Going down the listing below, print exactly each line from the one with "Colgante de techo" up to and including the one with "Once out of", and skip the rest.
Material provided below:
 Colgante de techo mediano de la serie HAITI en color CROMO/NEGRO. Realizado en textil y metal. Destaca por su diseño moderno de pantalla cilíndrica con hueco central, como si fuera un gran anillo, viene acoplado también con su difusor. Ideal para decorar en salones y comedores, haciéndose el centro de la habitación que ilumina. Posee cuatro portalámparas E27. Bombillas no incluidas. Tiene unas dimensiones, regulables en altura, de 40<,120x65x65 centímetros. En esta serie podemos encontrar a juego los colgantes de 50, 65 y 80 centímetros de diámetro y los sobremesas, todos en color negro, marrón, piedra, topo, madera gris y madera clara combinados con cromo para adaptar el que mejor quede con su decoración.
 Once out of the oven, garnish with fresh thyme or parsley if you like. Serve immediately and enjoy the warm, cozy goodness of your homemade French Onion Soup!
End of Material provided.
Material provided below:
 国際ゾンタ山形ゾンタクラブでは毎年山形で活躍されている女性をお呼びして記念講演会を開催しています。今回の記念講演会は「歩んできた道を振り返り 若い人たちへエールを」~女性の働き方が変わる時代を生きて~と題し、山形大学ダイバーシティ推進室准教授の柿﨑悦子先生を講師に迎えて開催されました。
End of Material provided.
Material provided below:
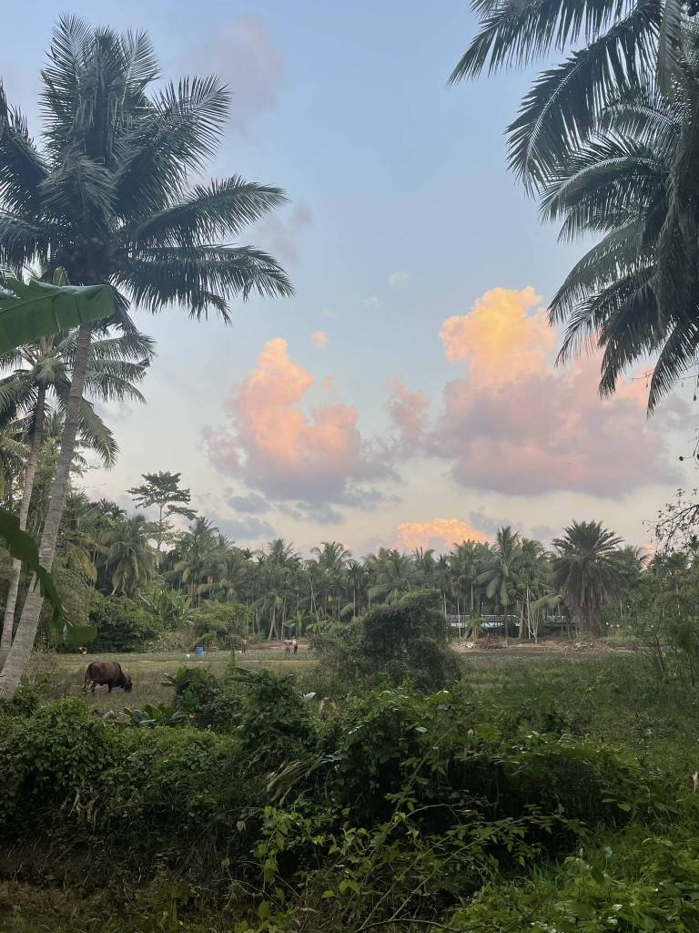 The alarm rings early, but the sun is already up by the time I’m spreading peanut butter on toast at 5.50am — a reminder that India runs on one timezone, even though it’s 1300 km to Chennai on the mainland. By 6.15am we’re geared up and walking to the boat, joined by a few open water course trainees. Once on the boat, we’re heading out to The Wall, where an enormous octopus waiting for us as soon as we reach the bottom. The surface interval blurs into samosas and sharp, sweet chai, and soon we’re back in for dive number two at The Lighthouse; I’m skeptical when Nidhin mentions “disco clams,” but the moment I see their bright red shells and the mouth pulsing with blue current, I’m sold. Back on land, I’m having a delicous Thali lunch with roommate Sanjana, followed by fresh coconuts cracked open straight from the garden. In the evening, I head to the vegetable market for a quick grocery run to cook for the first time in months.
End of Material provided.
### [Solution below]
 Colgante de techo mediano de la serie HAITI en color CROMO/NEGRO. Realizado en textil y metal. Destaca por su diseño moderno de pantalla cilíndrica con hueco central, como si fuera un gran anillo, viene acoplado también con su difusor. Ideal para decorar en salones y comedores, haciéndose el centro de la habitación que ilumina. Posee cuatro portalámparas E27. Bombillas no incluidas. Tiene unas dimensiones, regulables en altura, de 40<,120x65x65 centímetros. En esta serie podemos encontrar a juego los colgantes de 50, 65 y 80 centímetros de diámetro y los sobremesas, todos en color negro, marrón, piedra, topo, madera gris y madera clara combinados con cromo para adaptar el que mejor quede con su decoración.
 Once out of the oven, garnish with fresh thyme or parsley if you like. Serve immediately and enjoy the warm, cozy goodness of your homemade French Onion Soup!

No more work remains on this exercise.